AHSG: Adversarial Attacks on High-level Semantics in Graph Neural Networks
- URL: http://arxiv.org/abs/2412.07468v1
- Date: Tue, 10 Dec 2024 12:35:37 GMT
- Title: AHSG: Adversarial Attacks on High-level Semantics in Graph Neural Networks
- Authors: Kai Yuan, Xiaobing Pei, Haoran Yang,
- Abstract summary: Graph Neural Networks (GNNs) have garnered significant interest among researchers due to their impressive performance in graph learning tasks.
In existing adversarial attack methods for GNNs, the metric between the attacked graph and the original graph is usually the attack budget or a measure of global graph properties.
We propose a graph structure attack model that ensures the retention of primary semantics.
- Score: 10.087216264788099
- License:
- Abstract: Graph Neural Networks (GNNs) have garnered significant interest among researchers due to their impressive performance in graph learning tasks. However, like other deep neural networks, GNNs are also vulnerable to adversarial attacks. In existing adversarial attack methods for GNNs, the metric between the attacked graph and the original graph is usually the attack budget or a measure of global graph properties. However, we have found that it is possible to generate attack graphs that disrupt the primary semantics even within these constraints. To address this problem, we propose a Adversarial Attacks on High-level Semantics in Graph Neural Networks (AHSG), which is a graph structure attack model that ensures the retention of primary semantics. The latent representations of each node can extract rich semantic information by applying convolutional operations on graph data. These representations contain both task-relevant primary semantic information and task-irrelevant secondary semantic information. The latent representations of same-class nodes with the same primary semantics can fulfill the objective of modifying secondary semantics while preserving the primary semantics.
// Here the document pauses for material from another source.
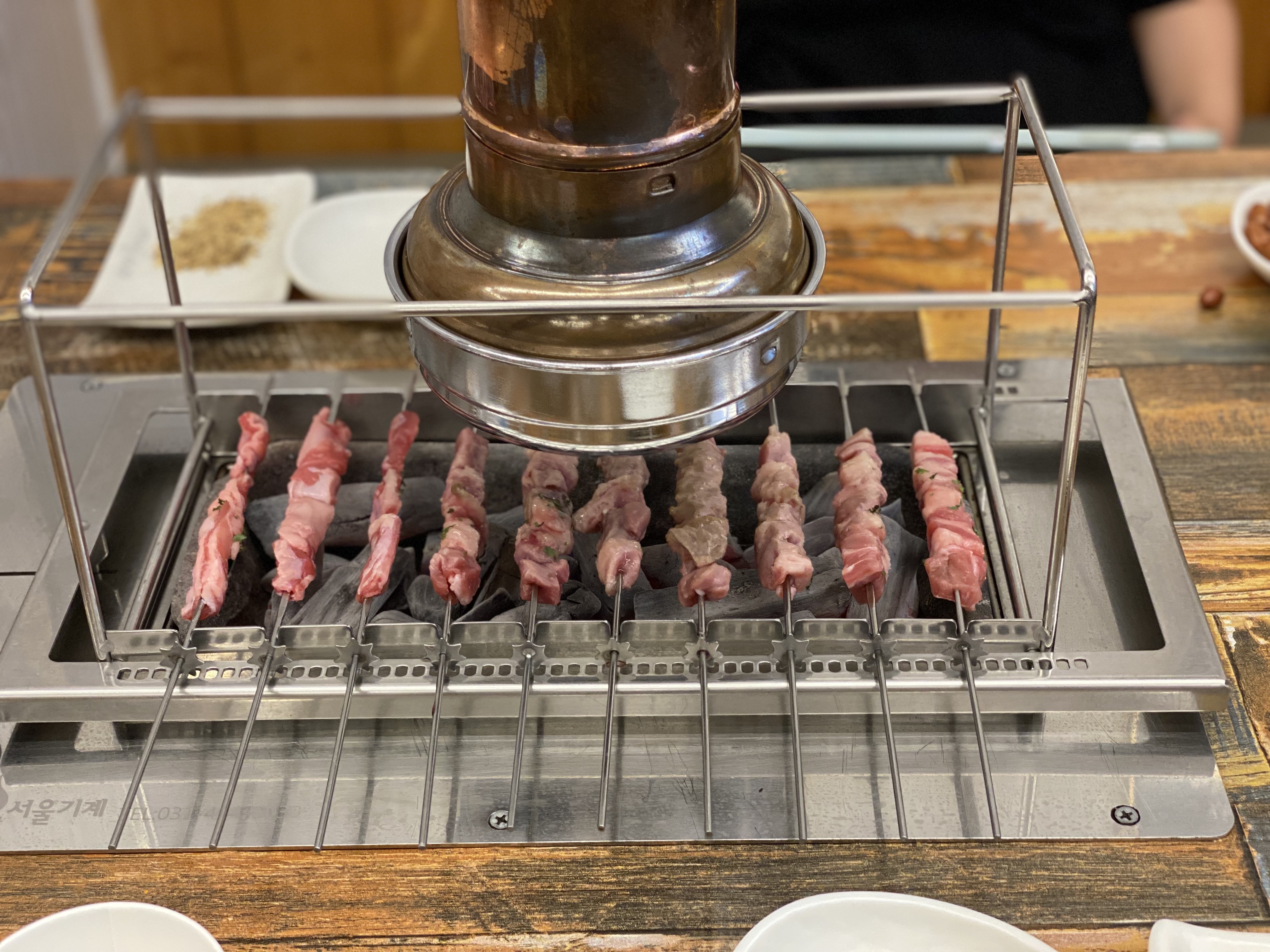 양꼬치 기계에 맛있게 구워줍니다. 배고픈 상태에서 가면 이렇게 굽는 시간도 너무 길게 느껴지더라구요.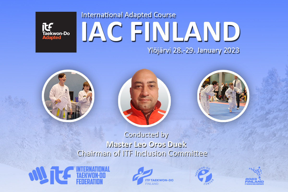 Meillä on ilo ja kunnia kutsua teidät ITF:n, Suomen ITF Taekwon-Don ja Taekwon-Do Centerin yhteistyössä järjestämälle kansainväliselle sovelletun Taekwon-Don seminaarille (International Adapted Course) Ylöjärvelle 28.-29.1.2023.

Finally, the latent representations with attack effects is mapped to an attack graph using Projected Gradient Descent (PGD) algorithm. By attacking graph deep learning models with some advanced defense strategies, we validate that AHSG has superior attack effectiveness compared to other attack methods. Additionally, we employ Contextual Stochastic Block Models (CSBMs) as a proxy for the primary semantics to detect the attacked graph, confirming that AHSG almost does not disrupt the original primary semantics of the graph.